西林觉罗.方慈“索绰罗.知画再蠢,也不会愚蠢到让自己的心腹宫女去散播流言,一旦追查起来,她不仅自身难逃干系,还会连累到绵亿,这其中很可能是有人故意为之,一来是想让我因流言失去王爷的宠爱,二来是希望我因流言和灼雀之事动了胎气,会危到孩子,三来则是想借我的手除去索绰罗.知画,真可谓是一箭三雕,能从中受益的,恐怕……”

月颖接口道

月颖“此人正是珂里叶特·思齐,而且奴婢怀疑春茗是太后特意安排来协助齐格格的,且柏格格住处发生的灼雀事件,恐怕也与齐格格脱不了干系”

云瑶听罢,神色一凛

云瑶“看来齐主子对嫡福晋之位志在必得,手段竟如此的狠辣,福晋不能不当心”

小燕子的指甲深深的掐入掌心,却仿佛感受不到一丝的疼痛,她心中的恨意在无尽的蔓延着,但表面依旧保持着冷静与淡然

西林觉罗.方慈“我知道”

三月的春风本该是暖的,拂在脸上是温柔的,可方才那一阵微风掠过却让小燕子的心头一颤,她已经无路可退了,虽然永琪因灼雀之事对自己再生怜惜,可他心中的怀疑仍未散去,而索绰罗·知画与珂里叶特·思齐对嫡福晋之位的虎视眈眈,更是如芒刺背,她绝不能遂了这两个人的意

她静一静急乱的神思,镇定道

西林觉罗.方慈“月颖,你去趟库房拿些补品过来,晚些时候陪我去趟撷芳斋”

月颖应声答道

月颖“是,柏主子曾受过福晋的恩惠,虽然不得王爷的宠爱,但却始终保持着谦逊不争的态度,因此王爷对她颇为敬重,若是由柏主子出面劝说王爷,想来王爷会相信福晋的”

小燕子点头赞同道

西林觉罗.方慈“思前想后,也只有这个法子了”

晚上的酉时,天空中出现了一弯新月,周围点缀着几颗闪烁的星星,散发着柔和的光芒,黄昏已尽,夜幕悄然降临,微风拂过,带来阵阵轻柔的沙沙声

撷芳斋内,柏湘漪靠在弹花暗纹的软枕上,手中握着一卷《三言二拍》,全神贯注地阅读着,她仿佛置身于一个宁静的角落,远离尘嚣,周身萦绕着一股淡淡的书卷气息

小燕子微微扬起脸庞,示意月颖将带来的补品交给秋菱,随后她又让月颖寻了个由头拉着锦澜一同走出房间

她含笑对柏湘漪说道

西林觉罗.方慈“柏格格如此沉迷于诗书之中,本福晋前来打扰,真是有些不合时宜了”

湘漪关切地问道

柏湘漪“前些日子听闻福晋身体不适,甚至昏厥了过去,现在可曾好些了?”

小燕子端坐于椅上,说道

西林觉罗.方慈“本福晋休憩了数日,身体已逐渐康复,方才我已命月颖把补品交给了秋菱,不知柏格格近况可好?”

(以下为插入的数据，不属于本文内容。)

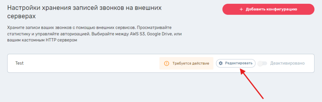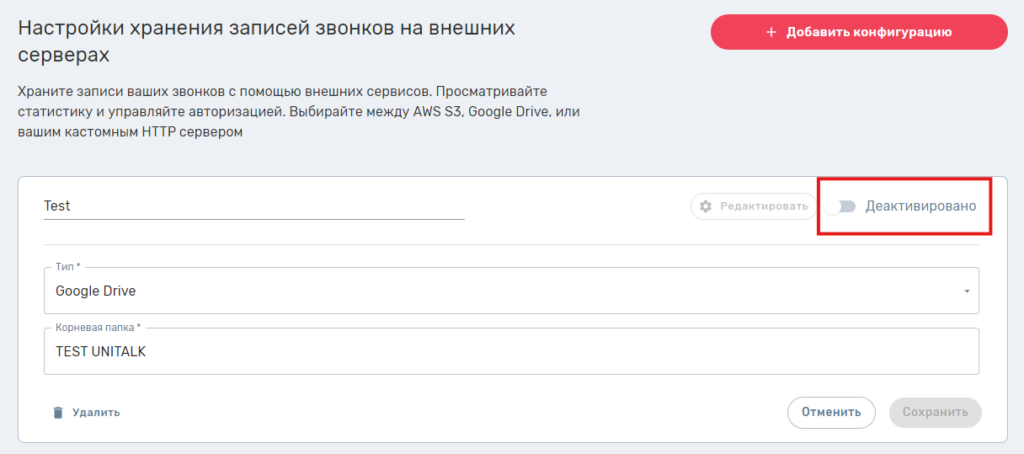 Записи звонков первоначально загружаются на наш сервер, а затем, по мере необходимости, переносятся на внешнее хранилище. Если конфигурация активна, все старые звонки проекта постепенно переносятся на выбранный при авторизации Google Drive. Новые звонки будут переноситься сразу после завершения.

她的嘴角勾起一抹温柔的笑意,似三月初沾衣欲湿的杏花雨,朦胧而柔和

柏湘漪“妾身的身体已经好了许多,只是福晋接连出事,难不成这个时候福晋过来是与妾身谈心说话的?”

小燕子坦然微笑道

西林觉罗.方慈“柏格格果然聪慧过人,本福晋再多言,亦是多余”

湘漪道

柏湘漪“妾身深知福晋绝非坐以待毙之人,否则又怎么能独得王爷的宠爱呢?”

小燕子听柏湘漪如此说心中不觉微惊,暗赞湘漪之聪慧,幸亏她无意争宠,否则必将成为劲敌

于是,她索性直言不讳

西林觉罗.方慈“与聪明人交谈,果然简单明了”

湘漪轻摇螓首

柏湘漪“并非妾身聪慧,只是这等算计妾身在柏府中也屡见不鲜,若是没有福晋的帮助,恐怕妾身肚子里的孩子是留不得的,福晋的大恩大德,妾身时刻铭记于心,只盼有朝一日能助到福晋”

小燕子郁然一叹

西林觉罗.方慈“这流言说者或许无心,但听者却往往有意”

湘漪愤慨地说道

柏湘漪“这流言定是侧福晋所散布的,她之前便千方百计的欲加害于我的孩子来嫁祸给福晋,如今又变本加厉的利用流言来陷害福晋,此人实在可恶至极”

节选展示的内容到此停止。